Novel arylpiperazine-1,2-benzothiazine derivatives have been designed and synthesized as potential anti-inflammatory agents. Their structure and properties have been studied using spectroscopic techniques (¹H NMR, ¹³C NMR, FT-IR), MS, elemental analyses, and single-crystal X-ray diffraction (SCXRD, for compound 7b). This study aimed to evaluate the inhibitory activity of new derivatives against both cyclooxygenase isoforms COX-1 and COX-2 due to the similarity of new compounds to oxicams drugs from the NSAIDs group. All new compounds were divided into two series – A and B – with a different linker between thiazine and piperazines nitrogens. Series A included the three-carbon aliphatic linker and series B – two-carbon with a carbonyl group. According to in vitro and molecular docking studies all new compounds exhibited cyclooxygenase inhibitory activity. The series of A compounds included COX-1 inhibitors only. In contrast, the B series showed inhibition of both COX-1 and COX-2, which suggested the importance of the acetoxy linker for COX-2 inhibition. Moreover, the most selective compound 7b, towards COX-2, was non-toxic for the normal human cell line (in concentration of 10 µM) comparable to reference drug meloxicam. Additionally, investigation of influence on model membranes confirmed the ability of the compound 7b to penetrate lipid bilayers which seemed to be important to the influence with membrane protein - cyclooxygenase.

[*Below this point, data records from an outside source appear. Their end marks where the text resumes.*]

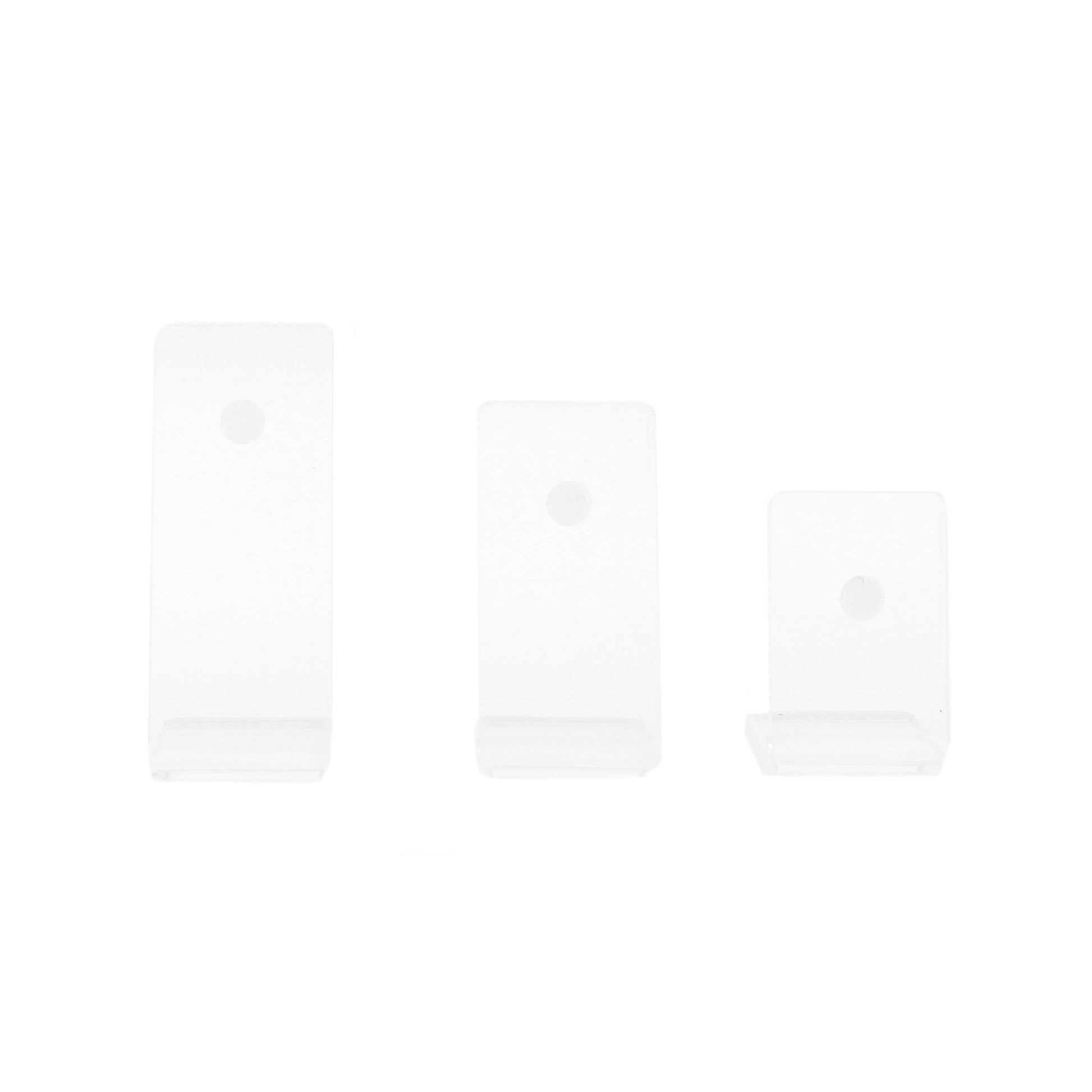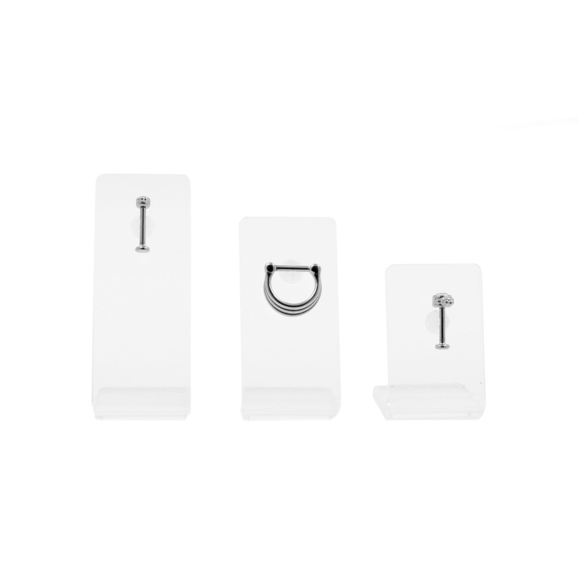 Handy, acrylic display for holding piercing jewelry. These acrylic displays will look great on any counter or display cabinet. The displays are fitted with clips that will hold 0,8 mm up to 1,2 mm piercing jewelry. Great for shwoing piercing rings, labret studs or any other piece of piercing jewelry to your custoers . This set consists of 3 displays with the following sizes: 2 x 3 cm, 2 x 4 cm and 2 x 5 cm.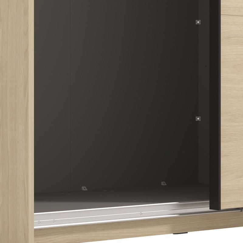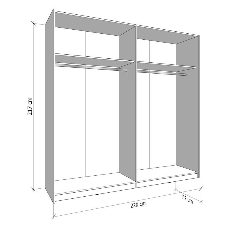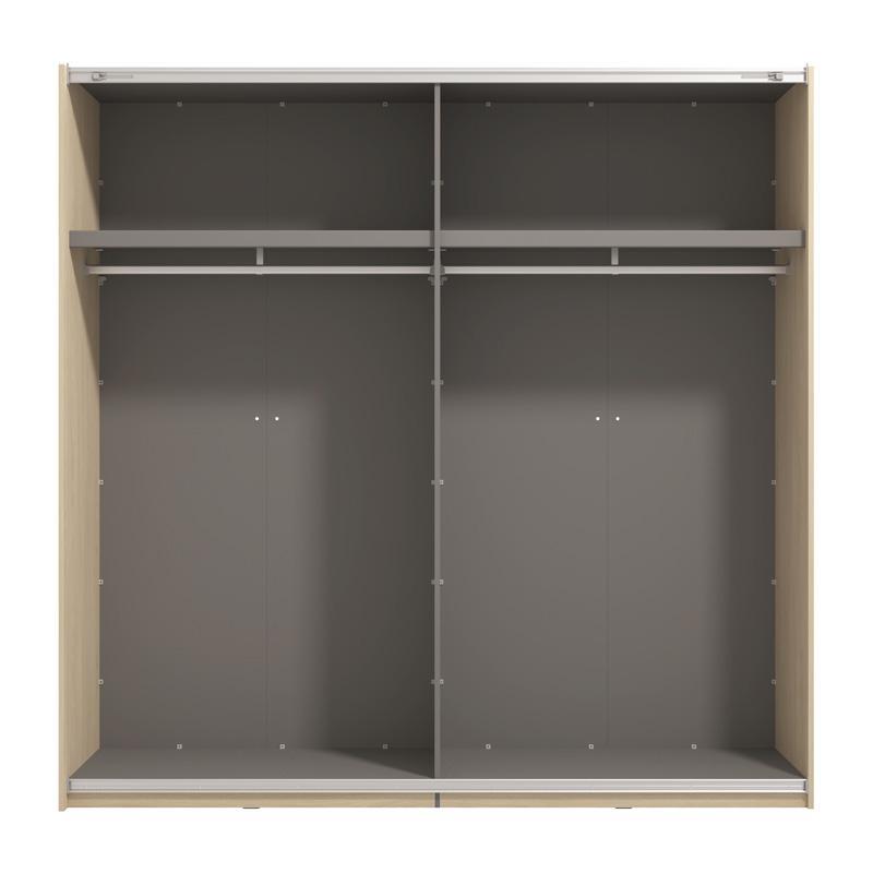 The Arbela 220 sliding wardrobe features two sliding doors, one of which includes a mirrored section, offering additional functionality and convenience for everyday use. The mirror is harmoniously integrated into the design of the wardrobe, allowing for ease of use without taking up additional space in the room. The interior layout of the wardrobe includes two shelves, which provide ample space for storing smaller items, such as clothes, accessories or personal belongings. In addition, the wardrobe has two separate areas with a clothes rail, allowing for the storage of larger items, such as dresses, coats or shirts, without them getting wrinkled.
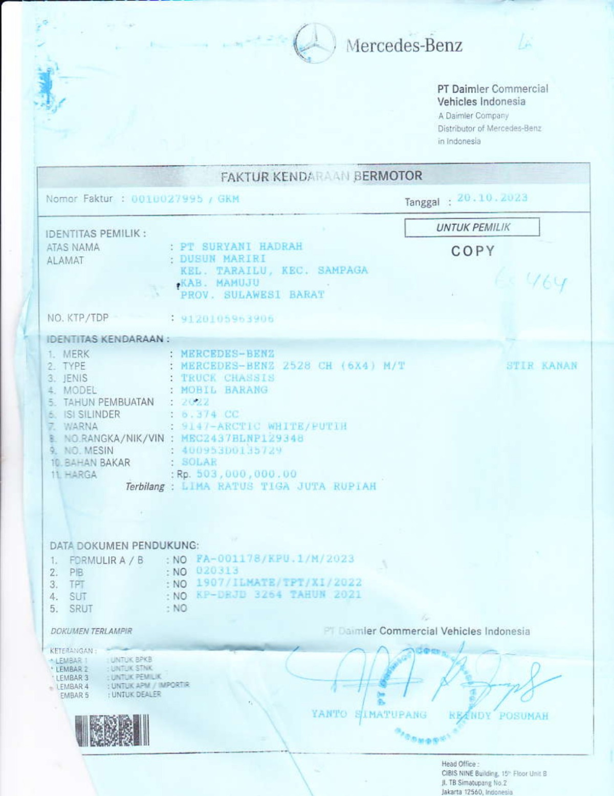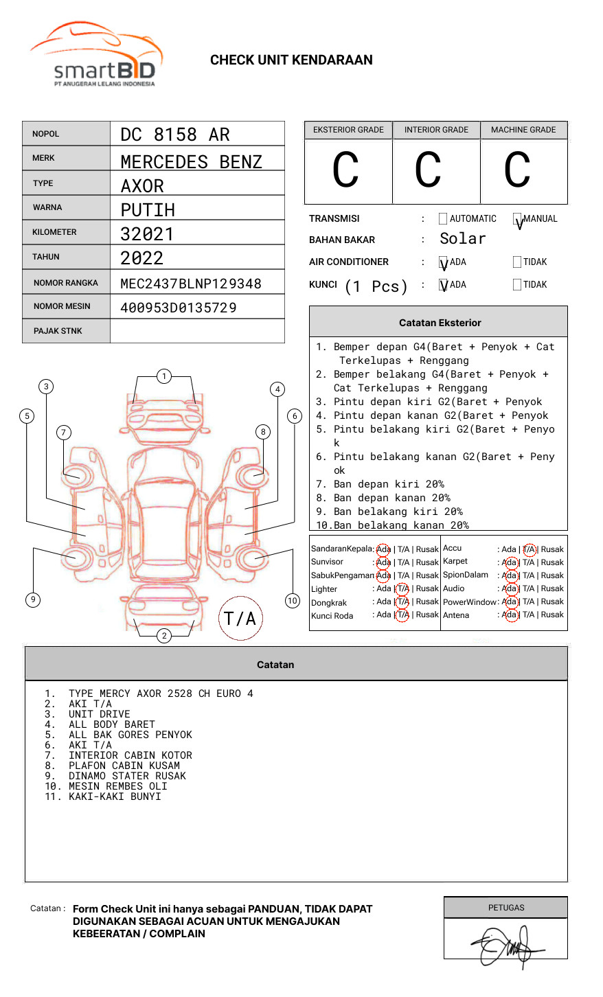 SEBELUM MELAKUKAN PENAWARAN UNIT PESERTA LELANG WAJIB MELAKUKAN PENGECEKAN UNIT DAN DOKUMEN TERLEBIH DAHULU // PIC AHMAD +62 823-4527-8181//UNIT DIKENAKAN BIAYA PPN 1,1% DARI HARGA TERBENTUK // NOPOL FISIK T/A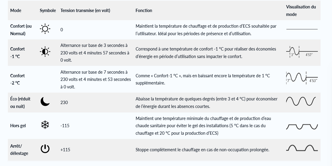 Bonjour @MauriceG @ngrataloup @rom.jou . Au cas où je signale que vu la nature des signaux attendus sur le fil pilote (variations du signal électrique) certains modes et transitions ne sont pas immédiats car ils nécessitent pour certains un motif de variation de tension sur plusieurs minutes. Dans mon cas avec des radiateurs Sauter compatibles 6 ordres, pour passer à Confort-1 depuis Confort je crois ou une autre transition vers Confort -2, mon module Qubino RAIL DIN envoie bien (ou débute) l’ordre et affiche un retour immédiat de la consigne. Néanmoins il faut qques minutes au radiateur pour afficher le mode Confort-1 (sans rien faire d’autre qu’attendre). Je mets ci-dessous un schéma rappelant le principe technique et variation de signal de tension attendue :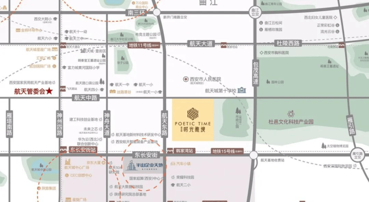 生态:项目东侧规划有市政公园,项目南侧的航腾公园占地8.8万㎡,除此之外周边还有明秦世子遗址公园、规划中的明秦宣王墓遗址公园、曲江文化运动公园、星河运动公园、中湖公园、揽月阁公园、西安航天城文化生态公园。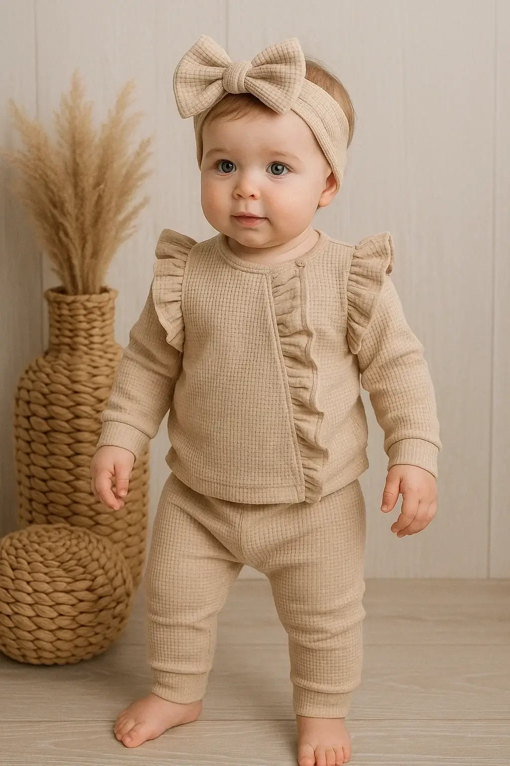 Orkide Desenli Fisto Detaylı 3 Parça Kız Bebek Takımı %100 Pamuk
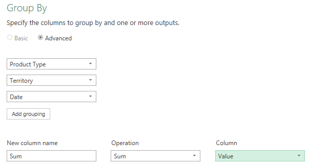 #4 Select columns [Product Type], [Territory] and [Date] > Right-click > Group By… use the following: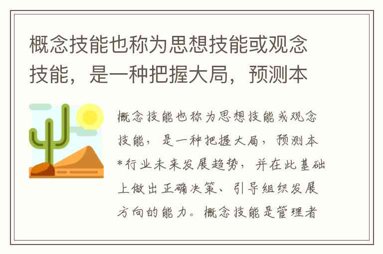 概念技能也称为思想技能或观念技能,是一种把握大局,预测本*行业未来发展趋势,并在此基础上做出正确决策、引导组织发展方向的能力。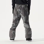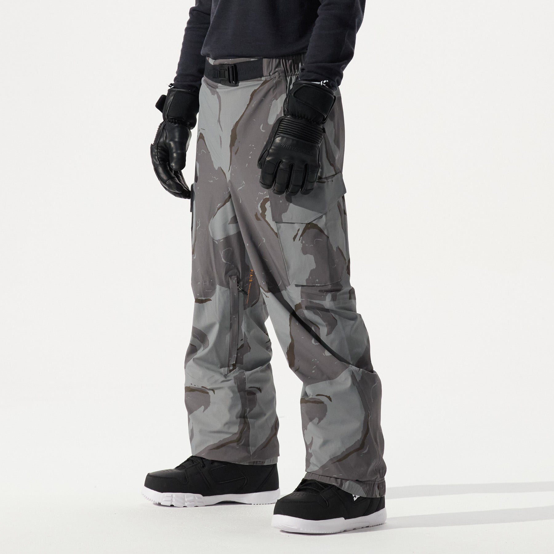 Model wearing black leather ski gloves and camouflage pants on a white background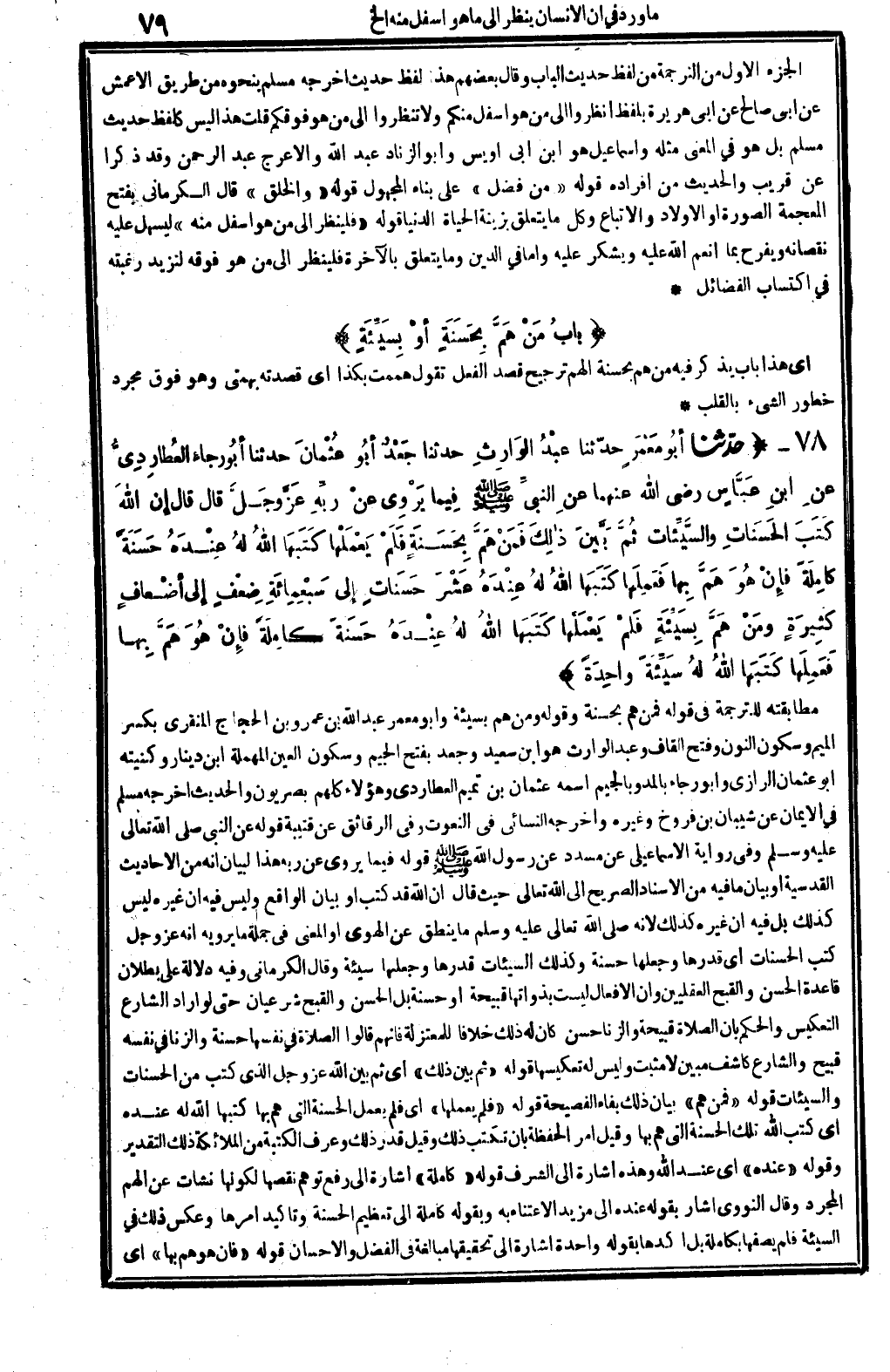 1946 - حدّثنا أبُو مَعْمَرٍ حدّثنا عبْدُ الوَارِثِ حَدثنَا جَعْدٌ أبُو عُثْمانَ حَدثنَا أبُو رجاءٍ العُطارِدِيُّ عنِ ابنِ عَبَّاسٍ رَضِي الله عَنْهُمَا، عَن النبيِّ صلى الله عَلَيْهِ وَسلم فِيما يَرْوِي عنْ ربِّهِ عَزَّ وجَلَّ، قَالَ: (قَالَ إنَّ الله كَتَبَ الحَسَناتِ والسَّيِّئات ثُمَّ بَيَّنَ ذالِكَ، فَمَنْ هَمَّ بِحَسَنَةٍ فَلَمْ يَعْمَلْها كَتَبَها الله لهُ عِنْدهُ حَسَنَةً كامِلَةً، فإنْ هُوَ هَمَّ بِها فَعَمِلَها كَتَبَها الله لهُ عِنْدَهُ عَشْرَ حَسَناتٍ إِلَى سَبْعِمِائَةِ ضِعْفٍ إِلَى أضْعَافٍ كَثِيرَةٍ، ومَنْ هَمَّ بِسَيِّئَةٍ فَلمْ يَعْمَلِها كَتَبَها الله لهُ عِنْدَهُ حَسَنَةً كامِلَةً، فإنْ هُوَ هَمَّ بِها فَعَمِلَها كَتَبَها الله لهُ سَيِّئَةً واحِدَةً) .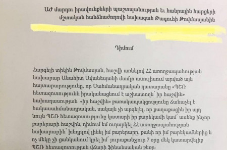 Քաղաքացին ինձ ուղղված դիմումում տեղեկացրել է, որ դիմում է ուղարկել նաև ՀՀ առողջապահության նախարարին՝ խնդրելով լինել իր բարերարը, քանի որ իր բարեկամներից և ոչ մեկը չի ցանկացել կրել իր ՊՇՌ հետազոտության վճարի ֆինանսական բեռը։

新型芳基哌嗪-1,2-苯并噻嗪衍生物已被设计和合成为潜在的抗炎剂。已经使用光谱技术（¹ H NMR、¹³ C NMR、FT-IR）、MS、元素分析和单晶 X 射线衍射（SCXRD，对于化合物7b）研究了它们的结构和性质。由于新化合物与来自 NSAIDs 组的 oxicams 药物的相似性，本研究旨在评估新衍生物对环加氧酶同种型 COX-1 和 COX-2 的抑制活性。所有新的化合物，分别分为两大系列-甲和乙-与噻嗪和哌嗪氮之间具有不同的连接体。A系列包括三碳脂肪族接头和B系列- 带有羰基的两碳。根据体外和分子对接研究，所有新化合物都表现出环氧合酶抑制活性。A系列化合物仅包括COX-1抑制剂。相比之下，B系列显示出对 COX-1 和 COX-2 的抑制，这表明乙酰氧基接头对 COX-2 抑制的重要性。此外，对 COX-2最具选择性的化合物7b对正常人细胞系（浓度为 10 µM）无毒，与参考药物美洛昔康相当。此外，对模型膜影响的研究证实了化合物7b的能力 穿透脂质双层，这似​​乎对膜蛋白 - 环氧合酶的影响很重要。